Expanding the phenotypic spectrum of CSNK2A1-associated Okur-Chung neurodevelopmental syndrome

Abstract

De novo variants in CSNK2A1 cause autosomal dominant Okur-Chung neurodevelopmental syndrome (OCNDS). OCNDS has an evolving clinical phenotype predominantly characterized by intellectual disability, global delays, dysmorphic features, and immunological manifestations. Microcephaly, defined as a small head circumference, is not widely recognized as a classical clinical presentation. Here, we describe four individuals from three unrelated families who shared several clinical features characteristic of an underlying syndromic neurodevelopmental condition. Trio clinical exome and research genome sequencing revealed that all affected individuals had heterozygous pathogenic missense variants in CSNK2A1. Two variants (c.468T>A p.Asp156Glu and c.149A>G p.Tyr50Cys) were de novo and previously reported, but the third variant (c.137G>T p.Gly46Val) is novel and segregated in two affected individuals in a family. This adds to growing evidence of inherited disease-causing variants in CSNK2A1, an observation reported only twice previously. A detailed phenotypic analysis of our cohort together with those individuals reported in the literature revealed that OCNDS individuals, on average, have a smaller head circumference with one-third presenting with microcephaly. We also show that the incidence of microcephaly is significantly correlated with the location of the variant in the encoded protein. Our findings suggest that small head circumference is a common but under-recognized feature of OCNDS, which may not be apparent at birth.

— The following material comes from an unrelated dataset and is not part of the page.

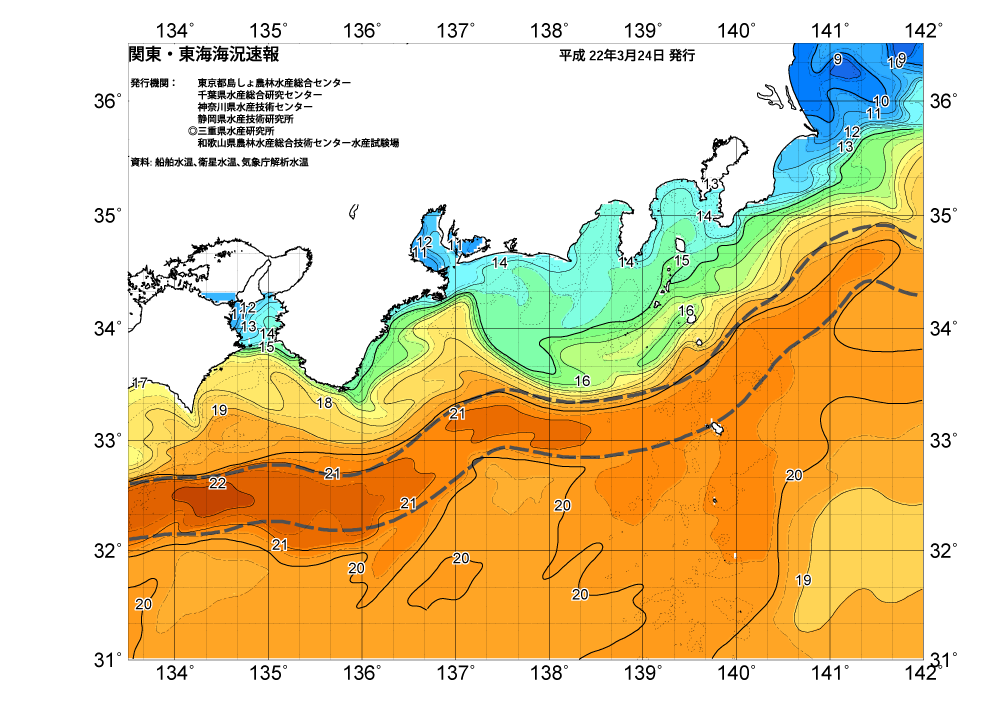 広域版海の天気図2011年3月22日(休日)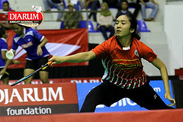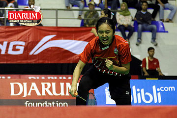 I Putu Pande Sheva/Fauzia Kartikasari (Djarum Kudus) Menyambar Pengembalian

Keywords: CSNK2A1; Okur-Chung; genotype-phenotype; microcephaly; mutations; neurodevelopmental disorders.

Figure 1

OCNDS-associated CSNK2A1 variants identified in this study and the literature (A) Pedigree and CSNK2A1 genotype of the three families described in our study. “+” indicates wild-type (WT) allele. (B and C) FireFly plot visualization of all unique pathogenic/likely pathogenic CSNK2A1 variants reported in ClinVar (as of October 2023) (B) and in the (C) literature (as of October 2023); red arrows highlight the variants reported in this study (p.Gly46Val, p.Tyr50Cys, p.Asp156Glu). (D) Sequence alignment of functional segments within the CSNK2A1 kinase across multiple species (top to bottom: zebrafish, human, bovine, rat, and mouse) using the Clustal Omega program.

Figure 2

OCNDS individuals exhibit microcephaly, and the occurrence of this phenotype is associated with the position of CSNK2A1 variant within the protein (A) Violin plot of occipital frontal circumference (OFC) SDs vs. age of OCNDS individuals reported in the literature. White dashed line indicates median OFC SD value. (B) Co-occurrence of microcephaly with common neurodevelopmental features in OCNDS individuals. Fisher’s exact test, not significant. (C) Prevalence of microcephaly correlates with functional segments within the kinase domain of the CSNK2A1 protein. Chi-squared test, p = 0.020948 (significant at p < 0.05).